A man nervously paced up and down the corridors, glancing time and again at the clock. Its hands seemed to be moving too slow in comparison to the excitement and the anticipation growing in his chest.

He fiddled with the button of his shirt, scratched his chin, and rubbed his temples.

"Sir, please sit down," said a nurse passing by.

He slouched onto one of the empty steel chairs outside the room.

After a few moments, he would get up, go to the glass windows and try to peer through the green curtains. Nothing was visible except for a sliver of light through the heavy blinds blocking the view.

Sighing, he would come back to the large window in the corridor and look out at the new leaves growing on the trees.

It was April and the snow had melted, but the atmosphere was still and cold. It was early morning and his warm breath fogged the glass.

He had been up the whole night and desperately needed a coffee to keep going. But he was too tense to leave the place even for a minute.

A butterfly came flying and sat on the window, the first signs of approaching spring. It had a unique splash of warm orange and red on its fragile wings.

A thousand thoughts were flooding into the mind of the man. He was still contemplating the joys of becoming a father and was trying to think out a name. He didn't know if it would be a girl or a boy, but either way, he expected that it would be beautiful. His wife Hannah was very pretty.

A sudden gust of wind caught the fragile butterfly, flattening it tight against the glass. Desperately it struggled, its delicate wings fluttering uselessly. Another gust tore it away.

A loud insistent beeping caught the man off guard. The insect forgotten, he spun around. The lights on the door of the labour ward were flashing a vivid pink.

From inside came the wail of a newborn.

But his joy was swallowed by the screams of pain and agony.

"Hannah!" he shouted and pushed into the room. In his chest his heart pounded, his lips moving in an inaudible prayer.

But he was unprepared for the sight that greeted him.

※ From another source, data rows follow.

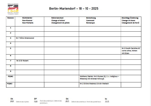 Die Wett-Highlights am 18. Oktober: 3. Rennen: Start der V7+ Wette mit 20.000 Euro Garantie inkl. 5.830 Euro Jackpot 7. Rennen: Start der V3-Wette mit 5.000 Euro Garantie inkl. 2.000 Euro Jackpot Zweierwetten-Gewinnspiel für Bahnbesucher um 1.000 Euro in den Rennen 1-4 Prämienausspielung um 2.000 Euro an Wettgutscheinen und 1.740 Euro an Sachpreisen über die Siegwette der Rennen 1-9. Alle Prämienlose der beiden Breeders-Crown-Veranstaltungstage nehmen zugleich an einer weiteren Ziehung teil: Dort gibt es ein sofort verfügbares trotto.de-Wettguthaben in Höhe von 5.000 Euro zu gewinnen! Jackpot-Betting-Lounge: Startpreis 500,00 Euro. Die Teilnehmer erhalten dafür zahlreiche Sonderkonditionen: 550,00 Euro an Wettgutscheinen, Eintritt, Sitzplatz, Rennprogramm, fünf Getränke. Anmeldung unter office@rennbahn-berlin.de erforderlich.
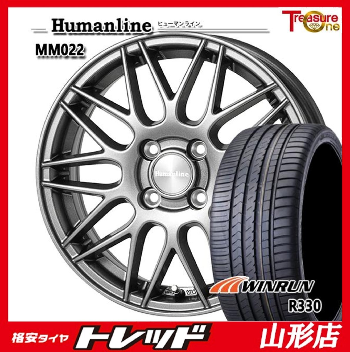 > 山形店 新品 夏タイヤホイール4本セット Humanline MM-022 15インチ 4.5j 4H100 +45 DG WINRUN R330 165/55R15 2025年製 軽自動車
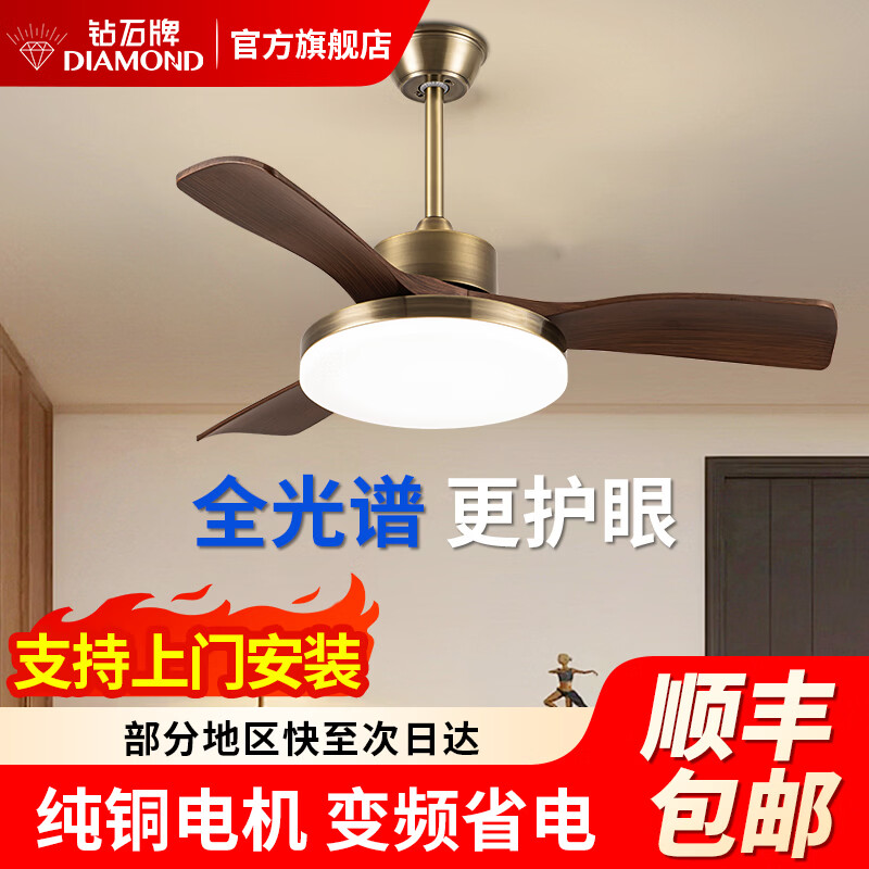 钻石牌风扇灯一体餐厅吊扇灯客厅吊灯带风扇卧室吸顶吊顶简约电扇灯具 42寸三叶古铜+黑胡桃双控-吊杆
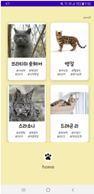 - 다른 유형 보기 : 스크롤을 내리며 볼 수 있도록 구성하였고, 16종의 고양이에 대해 간단한 소개가 포함되어 있습니다.
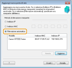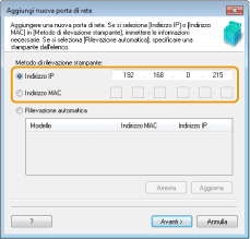 Si noti che al driver della stampante viene assegnato un indirizzo IP differente. Per utilizzare l'indirizzo IP della macchina, configurare le impostazioni della porta sul computer dopo l'installazione.

Hannah was sitting up on the hospital bed, half propped on her elbows, her face contorted with pain. The mackintosh beneath her spread-open legs was soiled with blood and amniotic fluid.

The doctor was holding up a wriggling thing in his hand, but his eyes above his face-mask showed only a mixture of shock and worry.

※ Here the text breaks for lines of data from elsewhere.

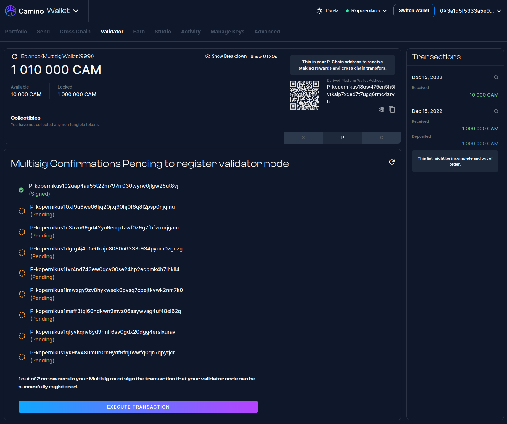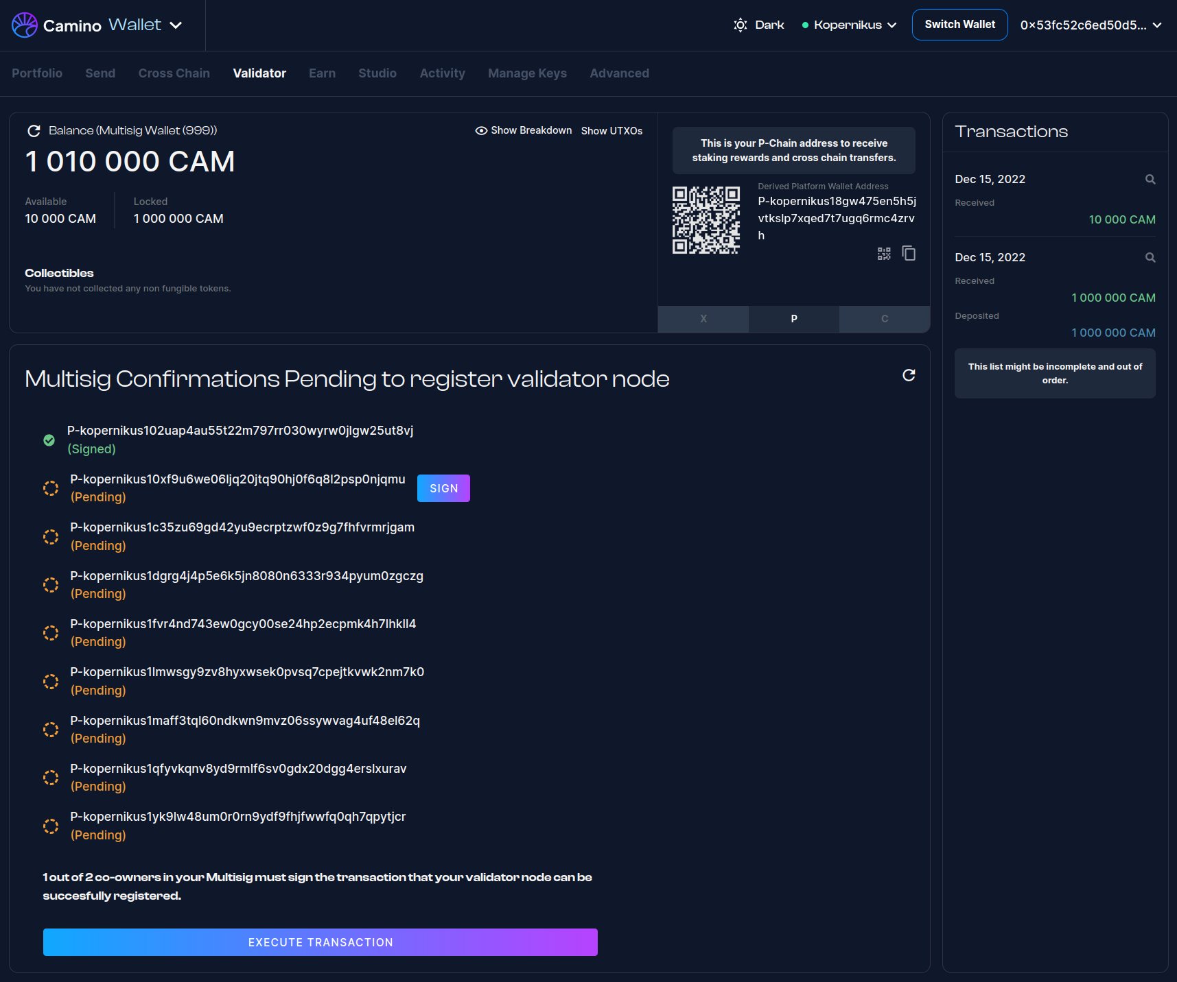 To add a validator node using Camino Wallet and a multisig wallet, you will need to follow these steps:
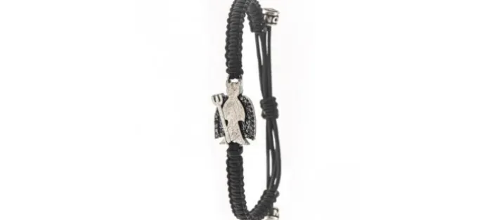 Pulsera de plata envejecida de primera ley (925), diamantes negros y nylon náutico (muy resistente). Peso aproximado de las piedras 0,32 Quilates.
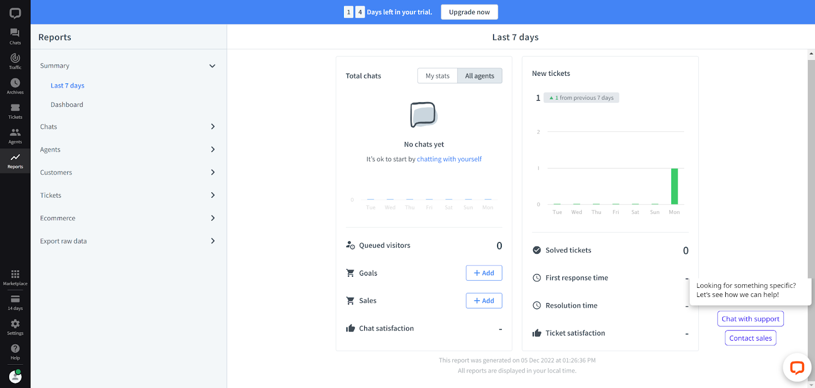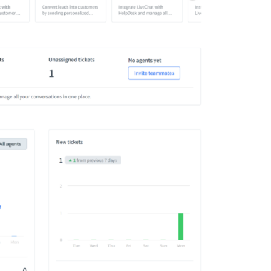 Các tính năng phân tích cung cấp cái nhìn tổng quan nhanh cũng như chuyên sâu về mọi thứ liên quan đến live chat – chat, agent, khách hàng, ticket và thương mại điện tử. Mỗi phần có thể cung cấp cho bạn thêm thông tin và số liệu cụ thể về live chat của mình. Không có gì bị bỏ sót. Tổng quan phân tích cung cấp cho bạn một bản ghi về mọi thứ đã xảy ra trong 7 ngày sử dụng gần nhất.
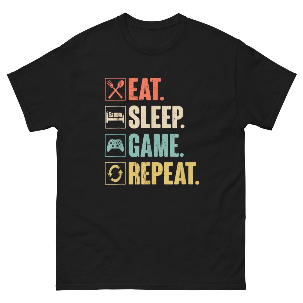 Gamer TShirt EAT SLEEP GAME Repeat Tee Video Game Fan Gift Clothing Graphic Short Sleeve Shirt Unisex Unisex Women AllSeason

The little thing squirmed in his hand, whimpering in pain, as a nurse attempted to clean off the worst of the blood. Its legs and arms were scarlet — the reddish dermis layer was completely exposed to the air.

Shaking badly, the man put an arm around his sobbing wife.

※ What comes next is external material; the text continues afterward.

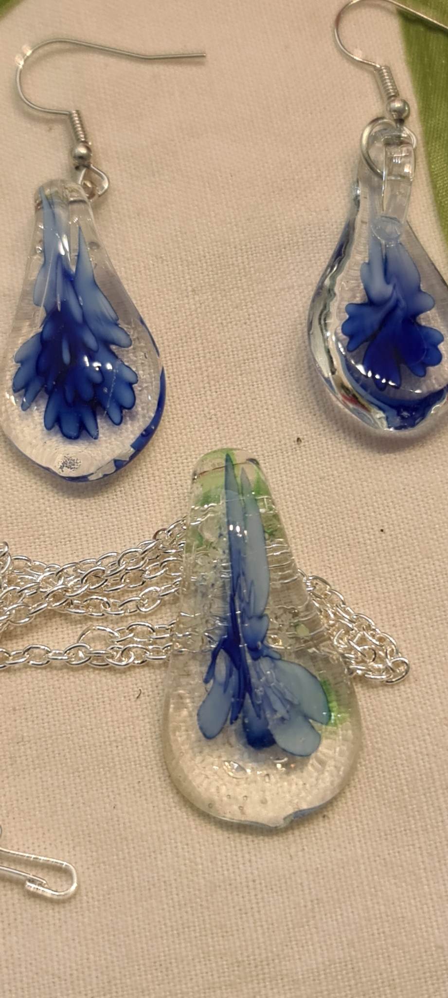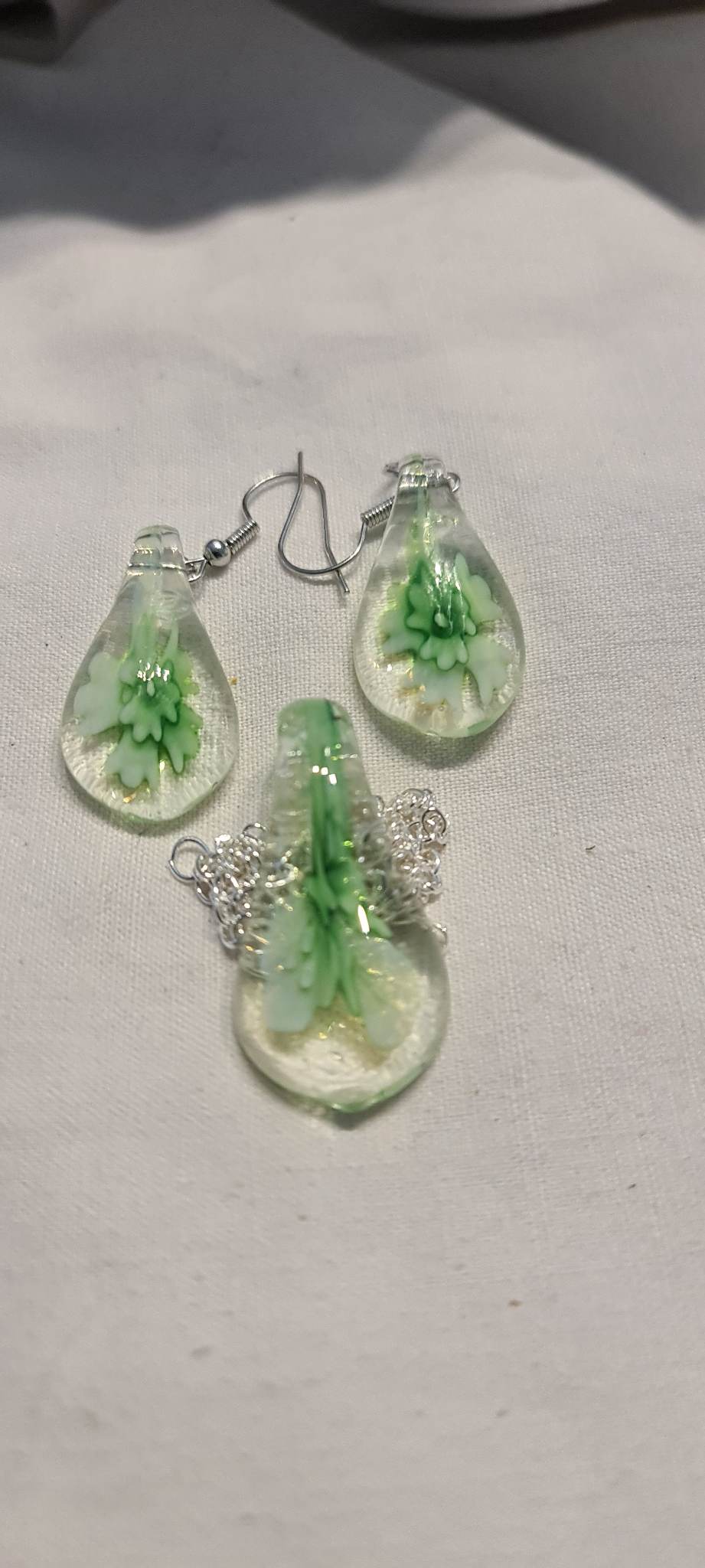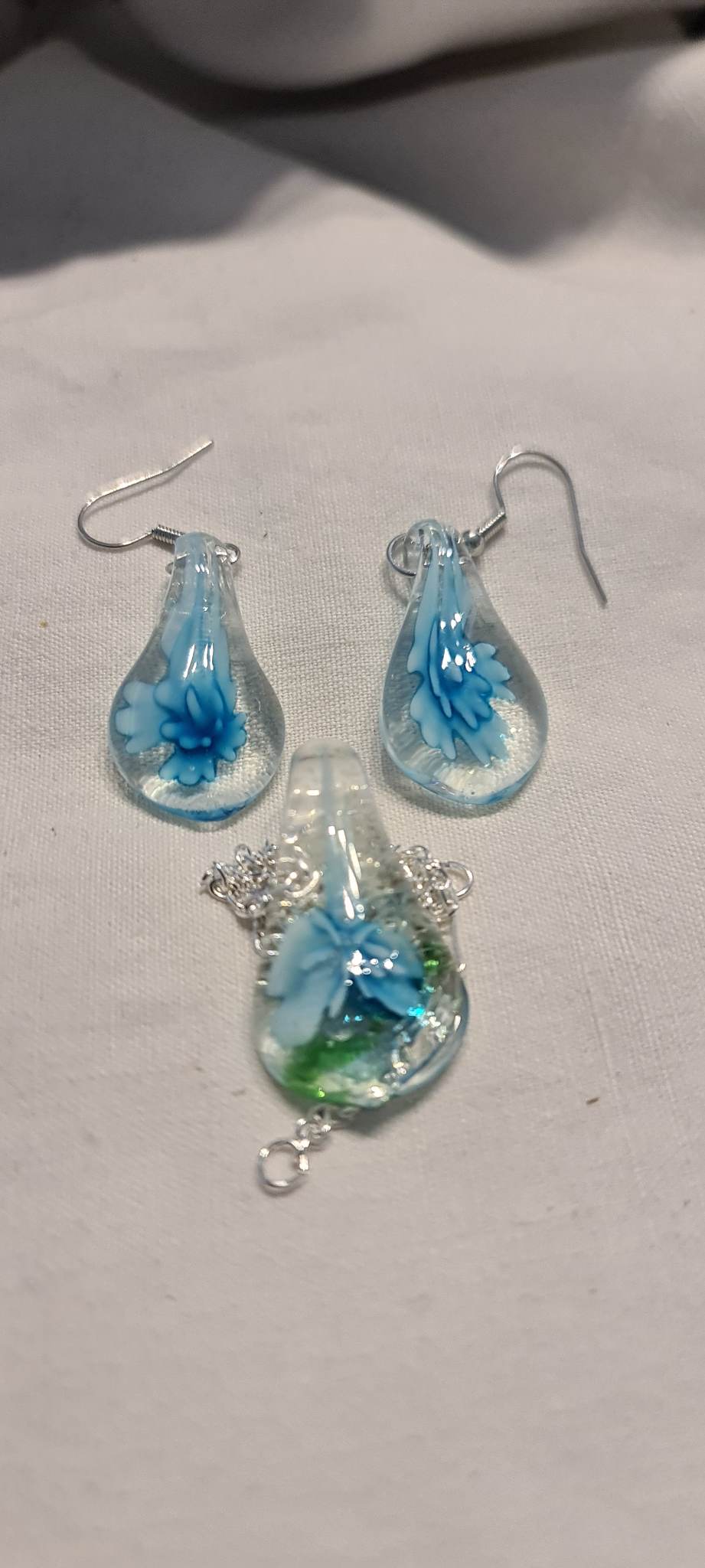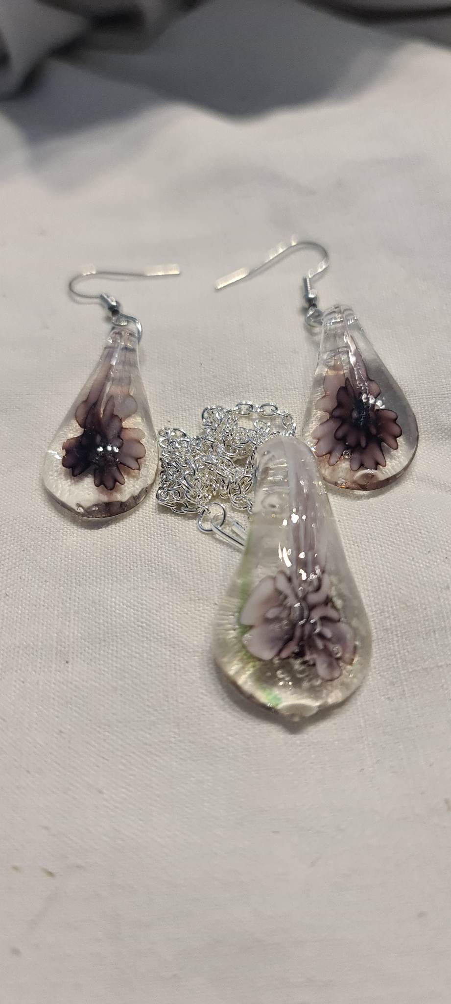 Jolie parure de fleurs ancrée dans du verre transparent en forme de gouttes.

"Mr Allen," said the doctor, as if realizing his presence for the first time. "I am extremely sorry to inform you that your daughter has lost the skin from her limbs at birth and is in a really fragile state. We need to shift her to the neonatal intensive care unit now and keep her under observation..."

"W...will she live?" the mother wailed.

"Each child is different. I can't give you any guarantee, maybe a few days, a few weeks, months, or years. There is no cure," the doctor said plainly. "It's a rare genetic condition and about half a million people are currently at various stages of this disease globally...."

His world was spinning. He didn't hear anything else the doctor said.

There was no cure... the words hammered inside his head. His first child, the love of his life...was a child with special needs.

All his hopes and dreams were shattering.

In the corner of his mind, a thought began to form—

He bent down and whispered something into his wife's ears.

Hannah looked at him with her big eyes and blinked twice.

"Be strong," he rubbed soothing circles on her back. "We need to do it. She has no future."

She simply nodded, burying her face in her hands.

Mr Allen let out a sigh, moving towards the doctor.

A/N Reviewed and edited by lindajonesAuthorWhat did you think Mr Allen did?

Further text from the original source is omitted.